[Kaggle] Passenger Screening Algorithm Challenge Silver Medal Award

This article is the sharing of my method in Kaggle contest (total prize $1,500,000)I ended up 36th place and the contest information is linked below:


Contest Introduction

The competition is held by Department of Homeland Security (the United States) to identify airport threat. A millimeter wave scanner is set up at the airport to scan a person's entire body and then identify whether there are unusual objects among 17 places. Four formats are accepted while I presented the 2 listed below:
1. .a3daps: 512x660 To identify under 64 angles, the following is a demo picture of 16 angles, whether unusual items are hidden around the upper arm area.

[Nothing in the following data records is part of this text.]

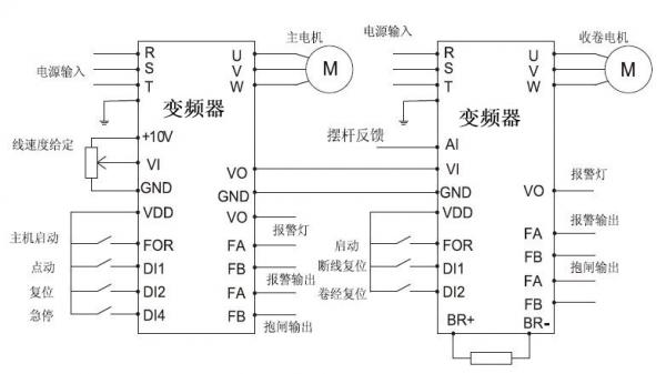 3、多組繼電器輸出。拉絲主機(jī)變頻器繼電器( FB.FC)為斷線故障報(bào)警輸出,繼電器(KA,KB)為系統(tǒng)減速停車(chē)時(shí)低頻抱閘輸出,實(shí)現(xiàn)卷取電機(jī)低速制動(dòng)。卷取電機(jī)變頻器繼電器( FB,F(xiàn)C)為斷線故障報(bào)警輸出,繼電器(KA,KB)為排線電機(jī)啟?;芈贰J箍刂凭€路設(shè)計(jì)簡(jiǎn)單方便,保證因發(fā)生異常導(dǎo)致的停車(chē)的運(yùn)行系統(tǒng)的安全性殛延續(xù)性。
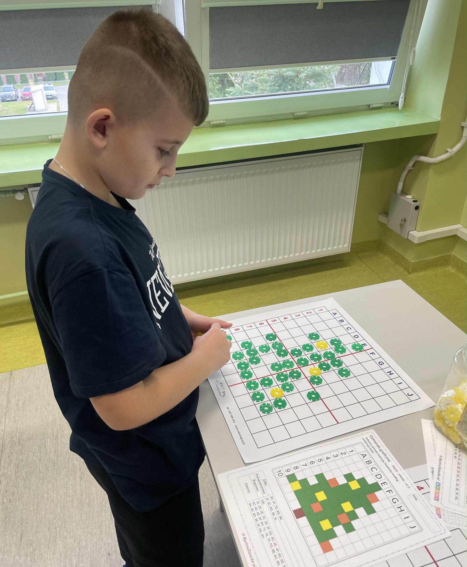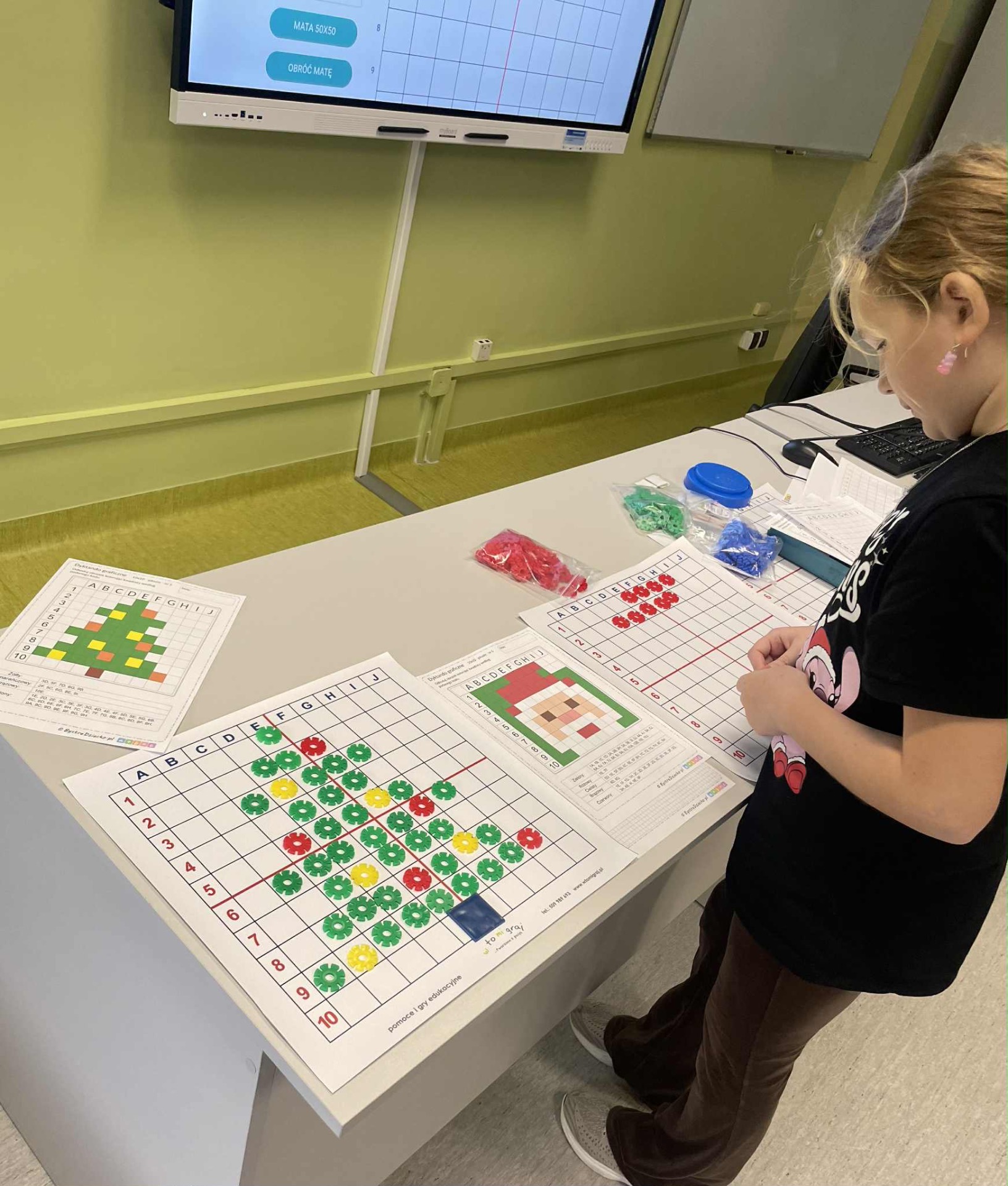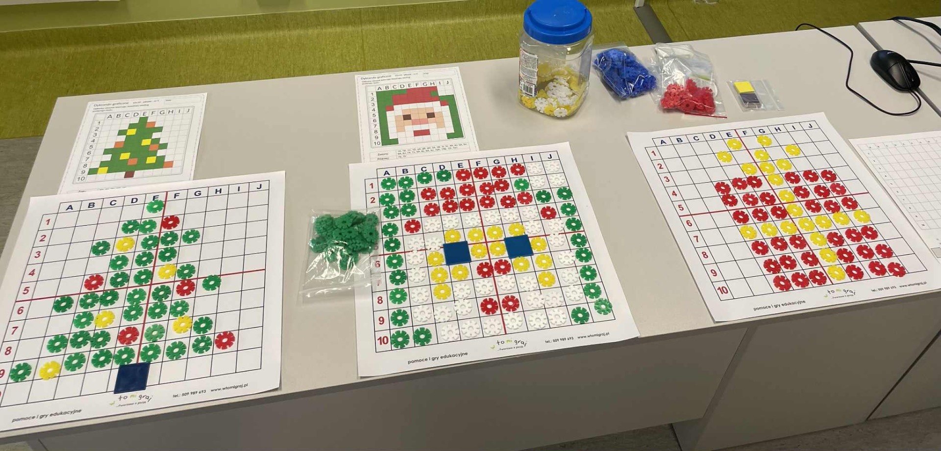 Układając pikselowe obrazki Mikołaja, reniferów, choinek, prezentów, śnieżynek ćwiczymy symetrię, odczytujemy współrzędne i uczymy się podstaw kodowania😌
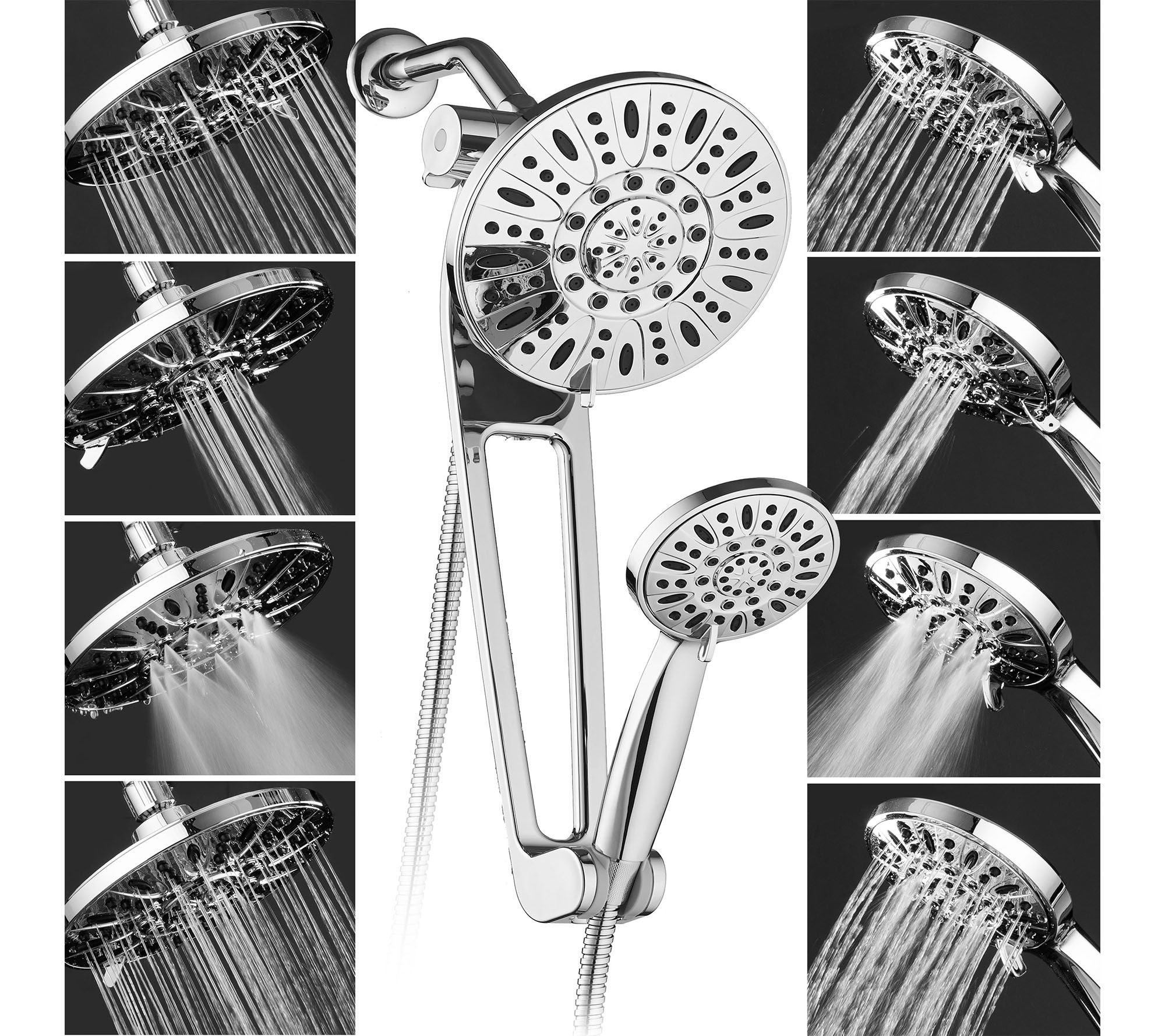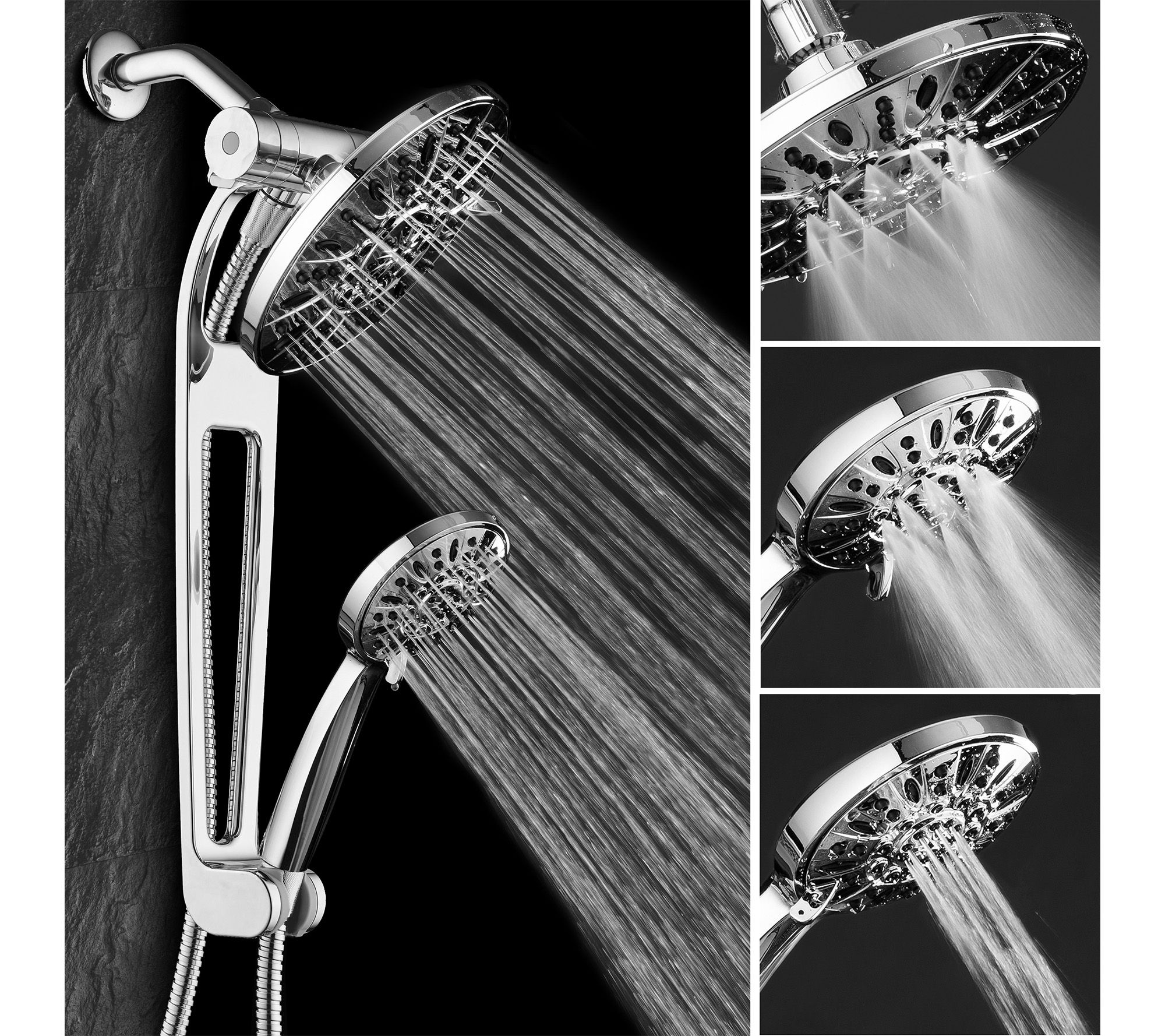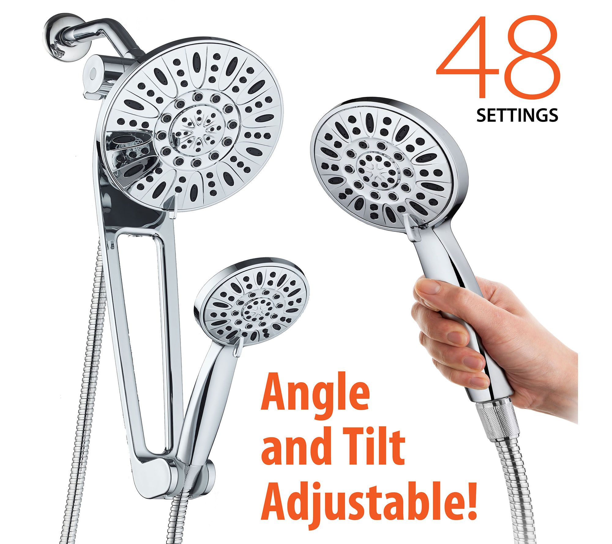 • Includes shower head, hand shower, 6' hose, three-way diverter, and 18" adjustable extension arm with bracket

2. .a3d: 512x512x660 3D data

The training of algorithm contains only 1147 data. Grades are set according to logloss (the smaller the better). The contest contains two phases. The First part contains partial public leaderboard and partial private leaderboard. The second phase is entirely private and is conducted in 4 days.

Contest Methods

My approach is 3D CNN. Two attempts were made, in both a3daps and a3d format. With the constraint of GPU, 3D Stide4 is set at 128x128x165. 3 networks -VGG16, Resnet and DeneNet 121 are adjusted by Keras into 3D CNN. Augmentation 3D shift +-5 pixel and 3D rotate +-5. 3D computation includes scipy.ndimage. 3D scale was originally in the plan, however two much time was required. 16 CPU Cores(32 Threads), 2 1080Ti GPU computation requires 50 hours of training.

3D CNN does not support transfer learning, with the fact that only 1000 data are at hand and that with numerous adjustable parameters, 3D CNN has a tendency of overfitting. Compared to Resnet and Densenet, VGG16 plus Batch Normalize produces better outcome. In addition, leaky RELU and ELU as active function adds the possibility of overfitting. To overcome the overfitting issue, augmentation took much time. Batch Normalize was added to VGG16, dropout was only added to Full Connection Layer (dropout and Batch Normalize should no be increased at the same time or else efficacy would be jeopardized, refer to(。

I ended up 36st place (Top 7%,35/518),logloss 0.15917, first place 0.02417.



Some shared to have adopted Multi-view CNN (MVCNN) (refer to,for the a3daps format. The fact that 3D CNN does not support transfer learning in a contest like this that offers only a thousand data is a big issue. On the other hand, transfer learning is applicable with MVCNN. With the sharing of others, I would suggest that MVCNN is a good technique when data set is around or under a thousand.